July 5, 2017 (Phys.org) -- Although there are many counterintuitive ideas in quantum theory, the idea that influences can travel backwards in time (from the future to the past) is generally not one of them. However, recently some physicists have been looking into this idea, called "retrocausality," because it can potentially resolve some long-standing puzzles in quantum physics. In particular, if retrocausality is allowed, then the famous Bell tests can be interpreted as evidence for retrocausality and not for action-at-a-distance -- a result that Einstein and others skeptical of that "spooky" property may have appreciated.
In a new paper published in Proceedings of The Royal Society A, physicists Matthew S. Leifer at Chapman University and Matthew F. Pusey at the Perimeter Institute for Theoretical Physics have lent new theoretical support for the argument that, if certain reasonable-sounding assumptions are made, then quantum theory must be retrocausal.
The appeal of retrocausality
First, to clarify what retrocausality is and isn't: It does not mean that signals can be communicated from the future to the past -- such signaling would be forbidden even in a retrocausal theory due to thermodynamic reasons. Instead, retrocausality means that, when an experimenter chooses the measurement setting with which to measure a particle, that decision can influence the properties of that particle (or another particle) in the past, even before the experimenter made their choice. In other words, a decision made in the present can influence something in the past.
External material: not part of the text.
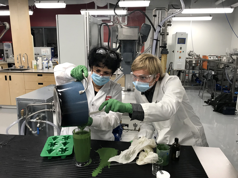 Cette année, de nouveaux produits seront offerts, notamment grâce à la collaboration de Carmen Tibirna, coordonnatrice du  programme de Techniques de procédés industriels.  En effet, il y aura des savons fabriqués au cégep, dans nos laboratoires, à partir du lait de deux chèvres laitières élevées à la ferme-école. Les savons sentent bon. Ils sont bien emballés et feront de bien jolis présents sous le sapin.

In the original Bell tests, physicists assumed that retrocausal influences could not happen. Consequently, in order to explain their observations that distant particles seem to immediately know what measurement is being made on the other, the only viable explanation was action-at-a-distance. That is, the particles are somehow influencing each other even when separated by large distances, in ways that cannot be explained by any known mechanism. But by allowing for the possibility that the measurement setting for one particle can retrocausally influence the behavior of the other particle, there is no need for action-at-a-distance -- only retrocausal influence.